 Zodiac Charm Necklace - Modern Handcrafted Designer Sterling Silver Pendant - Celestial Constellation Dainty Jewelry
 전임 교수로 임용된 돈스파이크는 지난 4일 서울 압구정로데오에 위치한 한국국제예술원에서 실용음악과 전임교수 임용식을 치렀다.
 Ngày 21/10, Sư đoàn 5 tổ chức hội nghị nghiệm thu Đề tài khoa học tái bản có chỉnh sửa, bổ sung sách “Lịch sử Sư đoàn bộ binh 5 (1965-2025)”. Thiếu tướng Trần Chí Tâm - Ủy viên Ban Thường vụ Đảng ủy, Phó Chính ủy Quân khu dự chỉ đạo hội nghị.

---

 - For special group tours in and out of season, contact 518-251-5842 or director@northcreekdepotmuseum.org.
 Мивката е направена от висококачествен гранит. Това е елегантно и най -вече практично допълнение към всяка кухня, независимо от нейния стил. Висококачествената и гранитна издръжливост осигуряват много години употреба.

--

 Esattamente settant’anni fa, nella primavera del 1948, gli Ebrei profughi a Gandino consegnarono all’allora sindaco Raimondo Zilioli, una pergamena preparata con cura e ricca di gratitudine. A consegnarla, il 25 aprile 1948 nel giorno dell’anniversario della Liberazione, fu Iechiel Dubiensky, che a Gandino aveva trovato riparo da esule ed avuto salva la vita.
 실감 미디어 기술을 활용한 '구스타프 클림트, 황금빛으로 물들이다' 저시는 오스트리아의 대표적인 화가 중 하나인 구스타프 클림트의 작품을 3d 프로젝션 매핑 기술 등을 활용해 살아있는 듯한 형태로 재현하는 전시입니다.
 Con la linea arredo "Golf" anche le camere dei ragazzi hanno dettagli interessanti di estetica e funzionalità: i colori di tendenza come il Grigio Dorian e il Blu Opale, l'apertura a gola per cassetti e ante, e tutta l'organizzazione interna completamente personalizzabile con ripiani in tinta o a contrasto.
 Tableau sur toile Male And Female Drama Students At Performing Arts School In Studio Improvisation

WHAT YOU WILL DO —
A verbatim transcription is needed of the lines above, starting at the line with "Zodiac Charm Necklace" and ending at the line with "Ngày 21/10, Sư", both included, and of nothing else.

COMPLETED TASK —
 Zodiac Charm Necklace - Modern Handcrafted Designer Sterling Silver Pendant - Celestial Constellation Dainty Jewelry
 전임 교수로 임용된 돈스파이크는 지난 4일 서울 압구정로데오에 위치한 한국국제예술원에서 실용음악과 전임교수 임용식을 치렀다.
 Ngày 21/10, Sư đoàn 5 tổ chức hội nghị nghiệm thu Đề tài khoa học tái bản có chỉnh sửa, bổ sung sách “Lịch sử Sư đoàn bộ binh 5 (1965-2025)”. Thiếu tướng Trần Chí Tâm - Ủy viên Ban Thường vụ Đảng ủy, Phó Chính ủy Quân khu dự chỉ đạo hội nghị.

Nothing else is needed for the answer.